Ce n’est pas un cocktail spectaculaire, c’est un cocktail à retardement. Le premier contact est net, presque plus vif qu’attendu, puis les couches plus sombres remontent avec lenteur. Le thé noir installe un grain légèrement austère qui rappelle la texture du disque, cette sensation de surface travaillée jusqu’à devenir presque minérale. Le fino fait dériver l’ensemble vers quelque chose de plus trouble, moins lisible, comme si la boisson glissait elle aussi vers une zone de demi-lumière. La réglisse, surtout, évite la simple sécheresse et installe un faux confort, une douceur noire qui colle un peu au palais avant de se retirer. Le bitter cacao, en fond, ne cherche pas le dessert mais la trace, ce résidu amer qui prolonge le goût bien après la gorgée. On tient ainsi une traduction sensorielle fidèle à Mezzanine : une entrée accessible, un centre opaque, une fin qui resserre plutôt qu’elle ne console. Le verre ne raconte pas le disque, il en reprend le mouvement interne.

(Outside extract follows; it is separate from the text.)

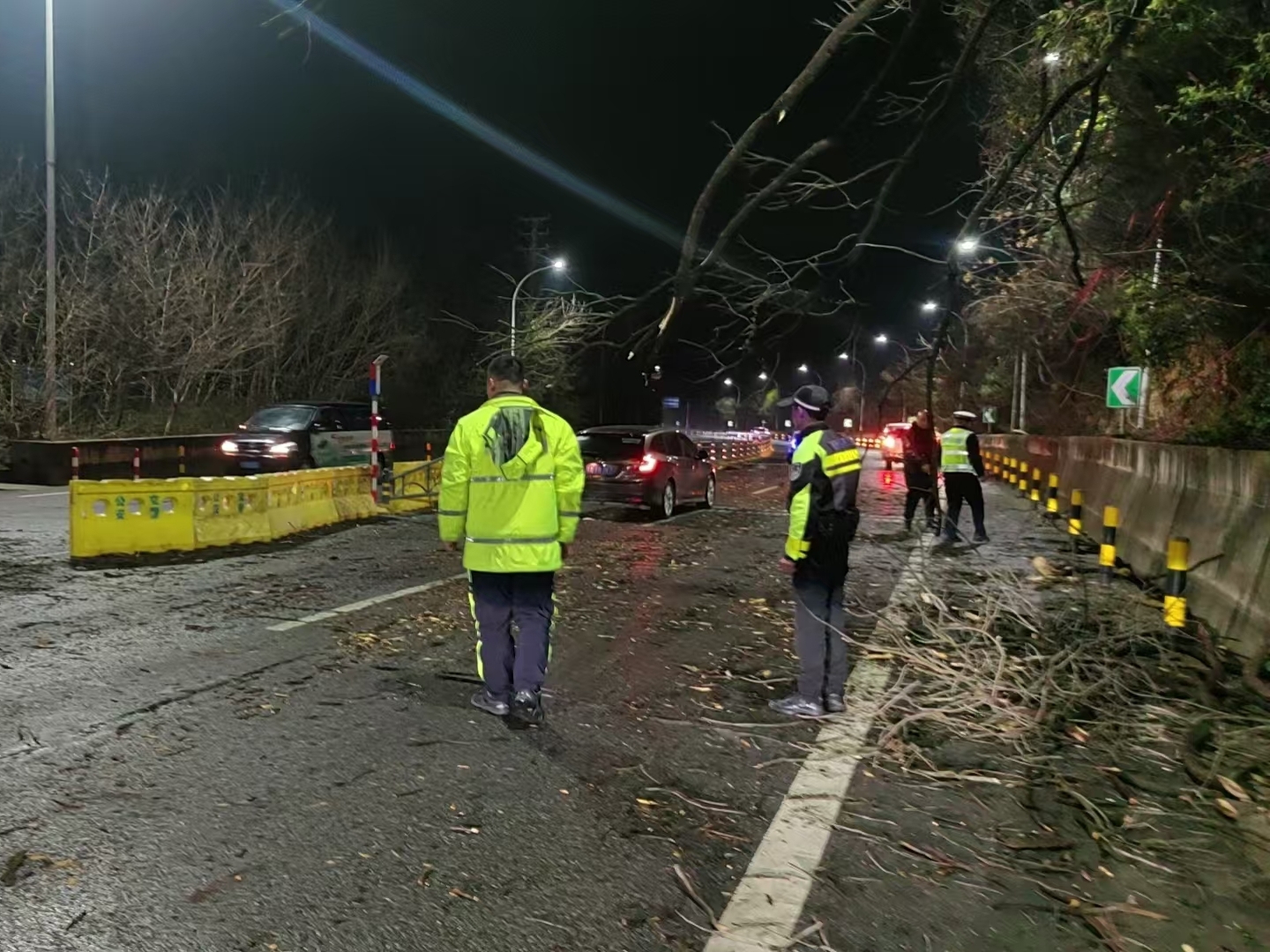 21时50分,四中队政治指导员夏添带领快骑队员巡逻至104省道玉笋山陵园路段,发现护林坡上多处树木被大风折断,占据大半个车道。队员们徒手拖拽清理,迅速打通通道。22时30分,夏添一行巡逻至汉蔡高速蔡甸收费站路口,发现准备用于应急分流的隔离水马被吹散在路中央。夏添安排队员殷齐在前方指挥车辆绕行,自己与其他人合力将笨重水马一一拖拽至路边,十多分钟后道路恢复畅通。

Boire la nuit, laisser le froid travailler

Le bon moment pour le boire n’est pas n’importe lequel. Il faut le prendre quand le disque a déjà installé sa pression, idéalement entre “Angel” et “Teardrop”, à cet endroit où la menace et l’ouverture semblent se toucher sans jamais se résoudre. La coupe doit être très froide, presque trop, afin que la première gorgée frappe avec cette netteté blanche qui correspond si bien à l’album. On ne boit pas cela dans l’idée de se réchauffer, mais pour accompagner une montée de tension douce, presque élégante, qui n’a pas besoin d’élever la voix. Le cocktail fonctionne d’autant mieux qu’il laisse le temps au disque de modeler la pièce. Une lumière basse suffit, rien d’ornemental, rien qui cherche à singer une esthétique de clip ou de bar conceptuel. Mezzanine ne demande pas un décor, seulement une disponibilité à ses variations de pression. Le verre, lui aussi, travaille mieux quand on le laisse revenir une seconde fois en bouche, une fois passée l’attaque agrumée.

Ce qui reste alors, dans la musique comme dans le cocktail, n’est pas l’effet immédiat mais le résidu. Mezzanine a gardé sa place non parce qu’il aurait résumé son époque, mais parce qu’il a déplacé sa propre famille musicale vers un territoire moins hospitalier. Il a retiré du confort à une scène que l’on commençait déjà à simplifier en ambiance, en style, en décor urbain chic. En cela, il demeure un disque de sabotage calme, un album qui coupe la lumière sans faire de geste théâtral. Le Black Milk accompagne bien cette logique : il séduit juste assez pour conduire ailleurs, puis il referme la porte derrière lui. La dégustation laisse une amertume légère, du thé, un peu d’agrume, une ombre salée, et surtout cette impression que quelque chose continue à agir alors même que le morceau est fini. Il n’y a pas de morale à tirer de cette alliance. Seulement une ambivalence fertile, un froid qui ne chasse pas le désir, et une nuit qui, à force d’être tenue si précisément, finit par devenir un goût.